Admittedly, for the rod cells, although changes in p-values are observed, the significance threshold was well passed by both. However, it should be noted that the retina data are collected from relatively healthy tissues and are considered clean, while Van Elteren test is expected to make a more meaningful difference on noisy pathological and tumor data. In addition, rod cell is the most populous cell in retina. For rare cell types that take smaller proportions, like the cone cells, the difference Van Elteren test makes can be crucial.

The caveat of stratified test is that for it to work the strata shall not overlap with the variable of interest. For instance, it may not find the difference, meanwhile also control for the batch effect, between two patients. Nonetheless, neither is covariate applicable to such cases.

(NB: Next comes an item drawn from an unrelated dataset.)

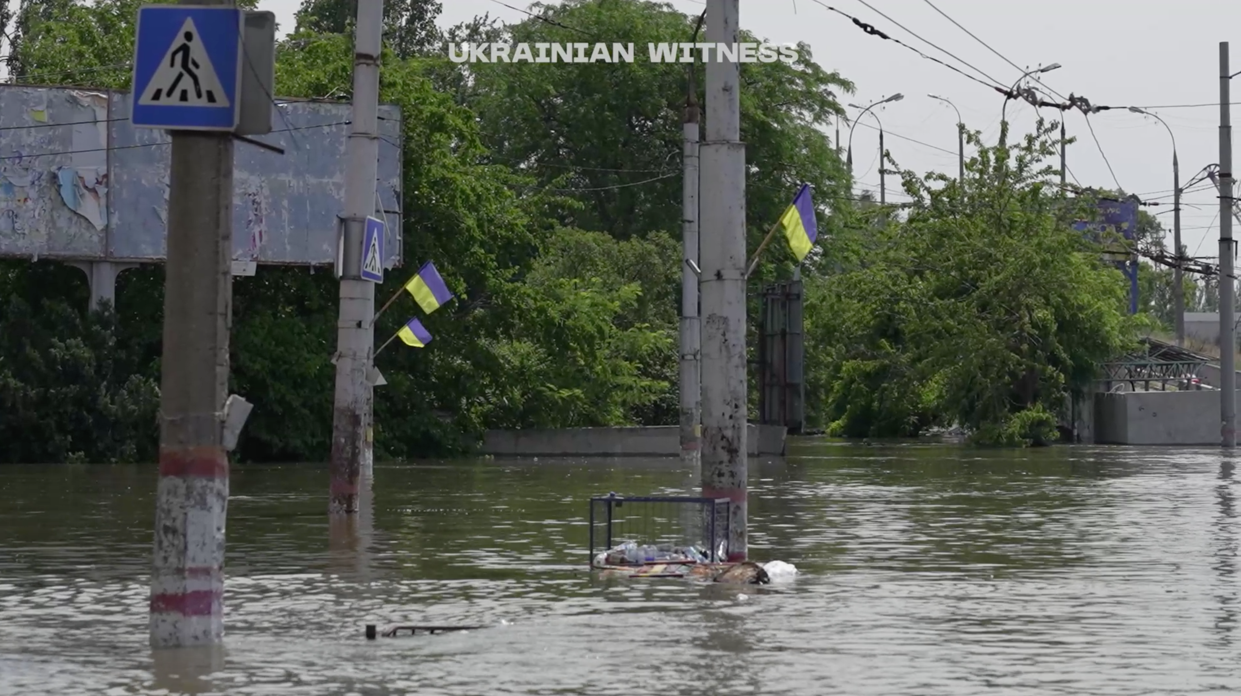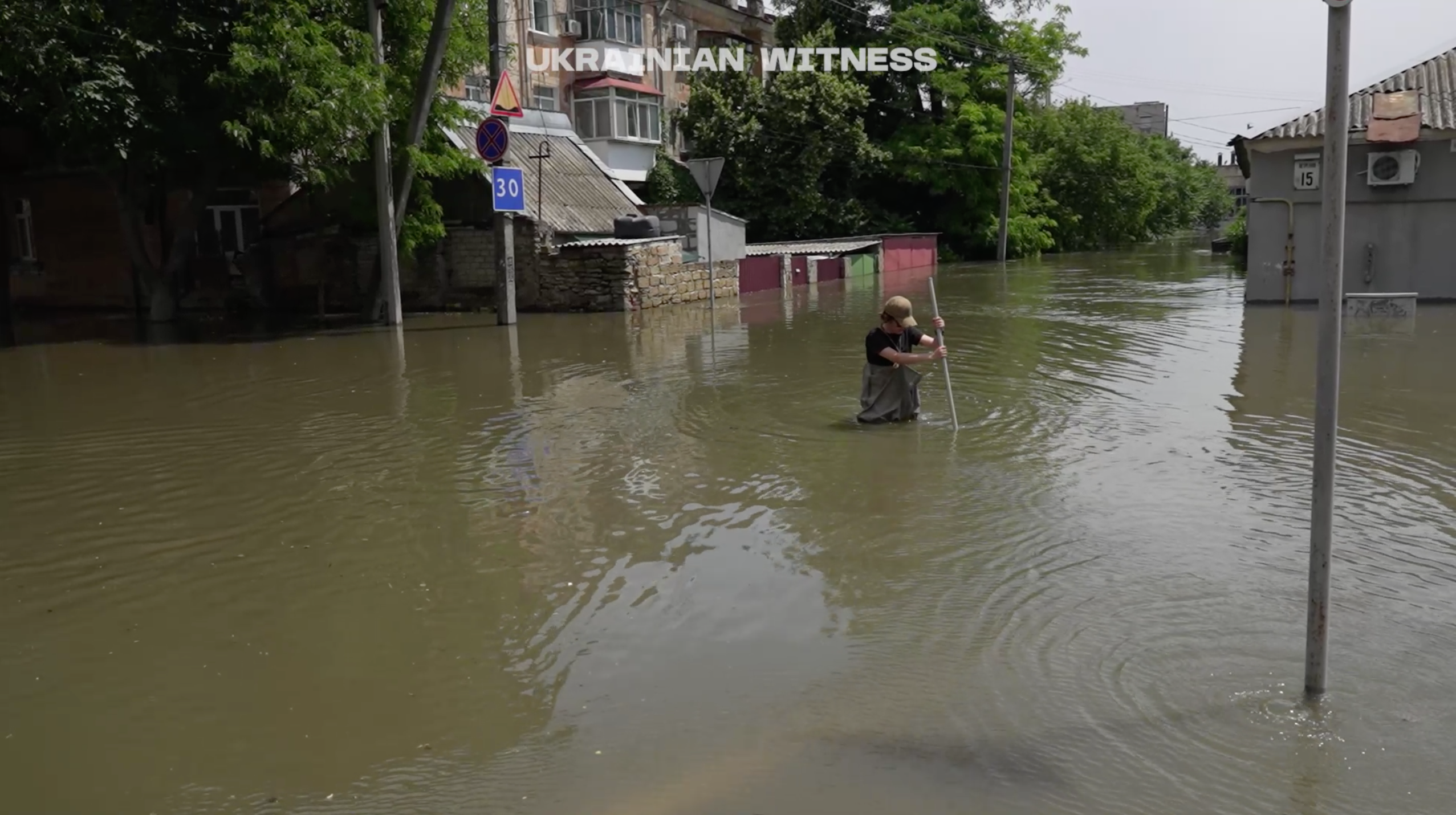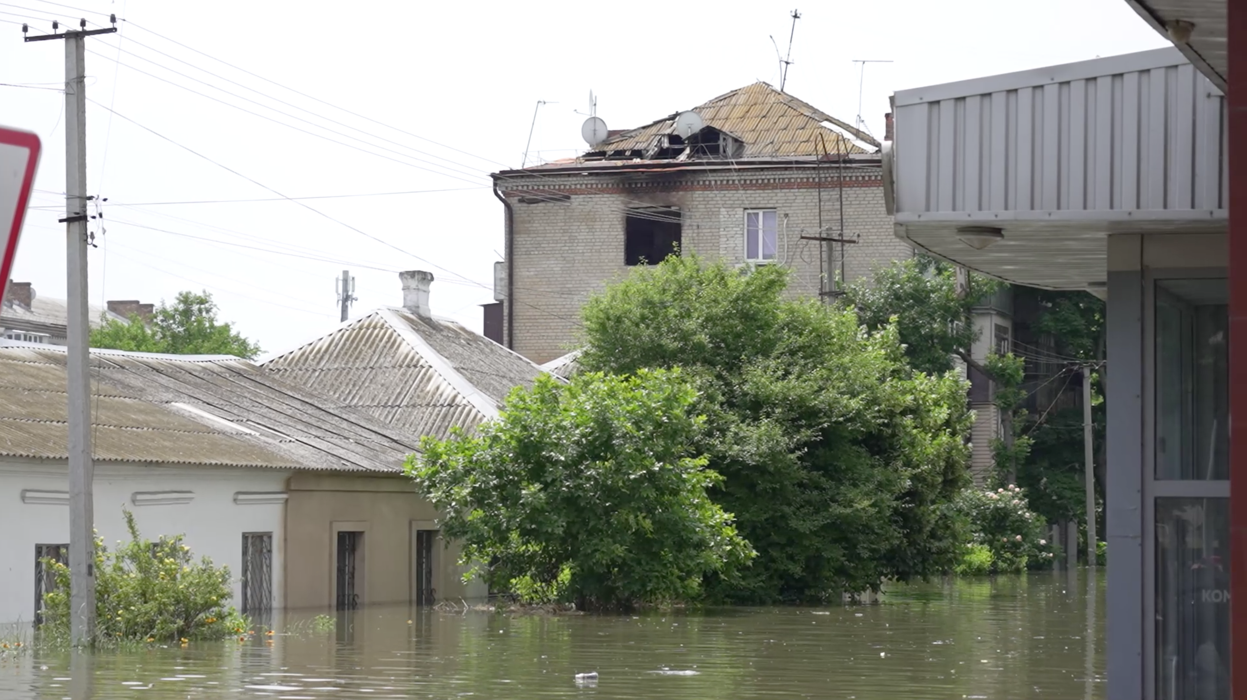 На подтопленных улицах работники ГСЧС и полиции эвакуируют местных жителей с сумками, пакетами и клетками с домашними животными. Среди эвакуированных также есть предприниматели, чей бизнес пострадал от преступных действий оккупантов.

As the batch effect and biological effect are convolved, more prior knowledge is generally needed to distinguish them.

5 Summary

We have adopted Van Elteren test, an underappreciated statistical test, and our weighted common language effect size to single-cell sequencing data. When batch effect is severe, the test control for false positives. Otherwise, it is consistent with Wilcoxon rank-sum test. The modified common language effect size also faithfully depicts the trends. This work may increase the precision of differential expression analysis to help identify genes of interests.